DATA FOR ANALYSIS Start Marker

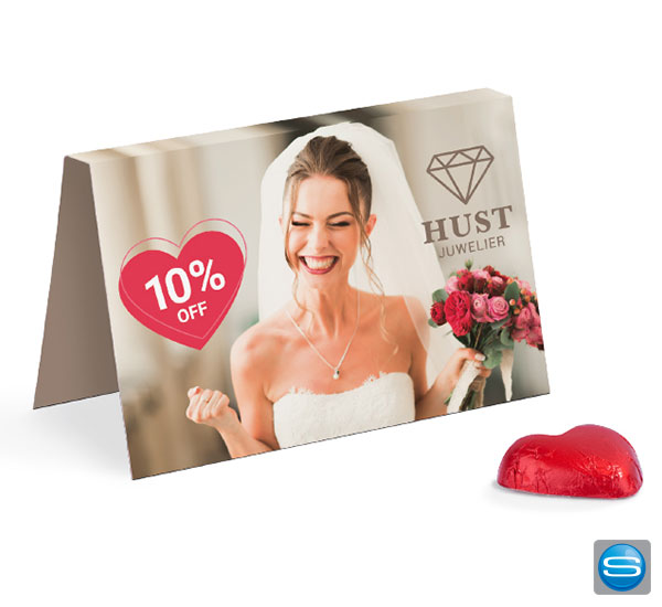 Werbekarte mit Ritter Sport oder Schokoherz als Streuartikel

DATA FOR ANALYSIS End Marker
DATA FOR ANALYSIS Start Marker

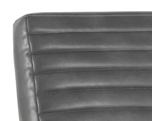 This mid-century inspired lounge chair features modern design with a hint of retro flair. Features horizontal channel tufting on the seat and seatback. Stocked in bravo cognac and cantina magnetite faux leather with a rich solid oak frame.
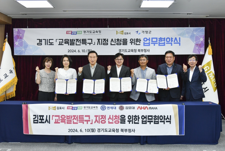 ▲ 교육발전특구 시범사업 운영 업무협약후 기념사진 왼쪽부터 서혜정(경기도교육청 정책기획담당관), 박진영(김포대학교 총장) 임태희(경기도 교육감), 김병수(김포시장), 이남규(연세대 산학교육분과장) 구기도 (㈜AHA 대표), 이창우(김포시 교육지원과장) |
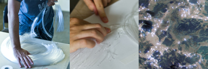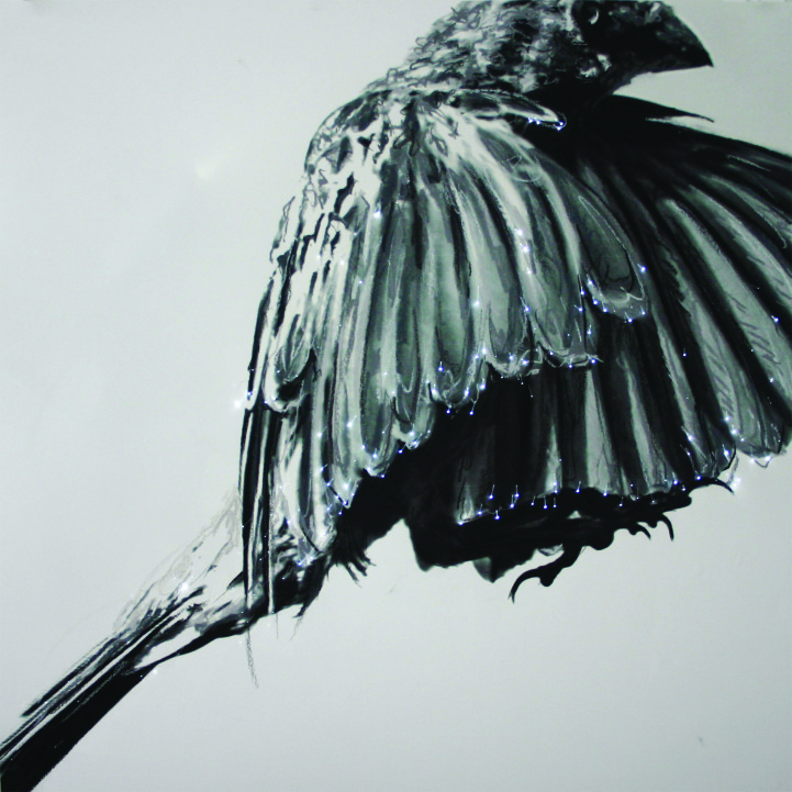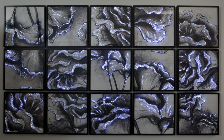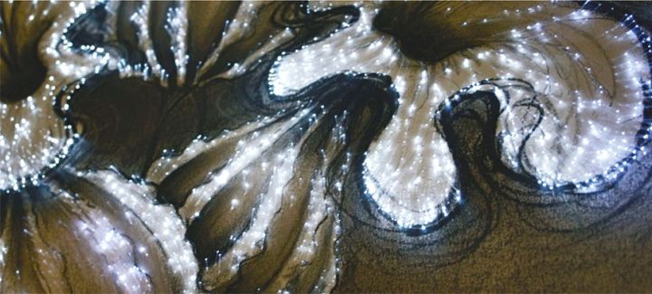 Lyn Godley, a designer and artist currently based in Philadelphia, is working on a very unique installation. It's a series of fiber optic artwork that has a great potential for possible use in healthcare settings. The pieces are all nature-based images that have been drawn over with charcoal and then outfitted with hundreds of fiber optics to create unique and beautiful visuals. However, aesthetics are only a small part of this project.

DATA FOR ANALYSIS End Marker
DATA FOR ANALYSIS Start Marker

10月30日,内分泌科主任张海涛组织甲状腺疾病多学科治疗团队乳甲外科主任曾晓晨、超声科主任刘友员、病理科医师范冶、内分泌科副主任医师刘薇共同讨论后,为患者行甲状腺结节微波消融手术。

DATA FOR ANALYSIS End Marker

_PROBLEM_
Print exactly, with no pictures, the lines above from the one that holds "This mid-century inspired" through the one that holds "Lyn Godley, a", both of them included.

_ANSWER SPACE_
 This mid-century inspired lounge chair features modern design with a hint of retro flair. Features horizontal channel tufting on the seat and seatback. Stocked in bravo cognac and cantina magnetite faux leather with a rich solid oak frame.
 ▲ 교육발전특구 시범사업 운영 업무협약후 기념사진 왼쪽부터 서혜정(경기도교육청 정책기획담당관), 박진영(김포대학교 총장) 임태희(경기도 교육감), 김병수(김포시장), 이남규(연세대 산학교육분과장) 구기도 (㈜AHA 대표), 이창우(김포시 교육지원과장) |
 Lyn Godley, a designer and artist currently based in Philadelphia, is working on a very unique installation. It's a series of fiber optic artwork that has a great potential for possible use in healthcare settings. The pieces are all nature-based images that have been drawn over with charcoal and then outfitted with hundreds of fiber optics to create unique and beautiful visuals. However, aesthetics are only a small part of this project.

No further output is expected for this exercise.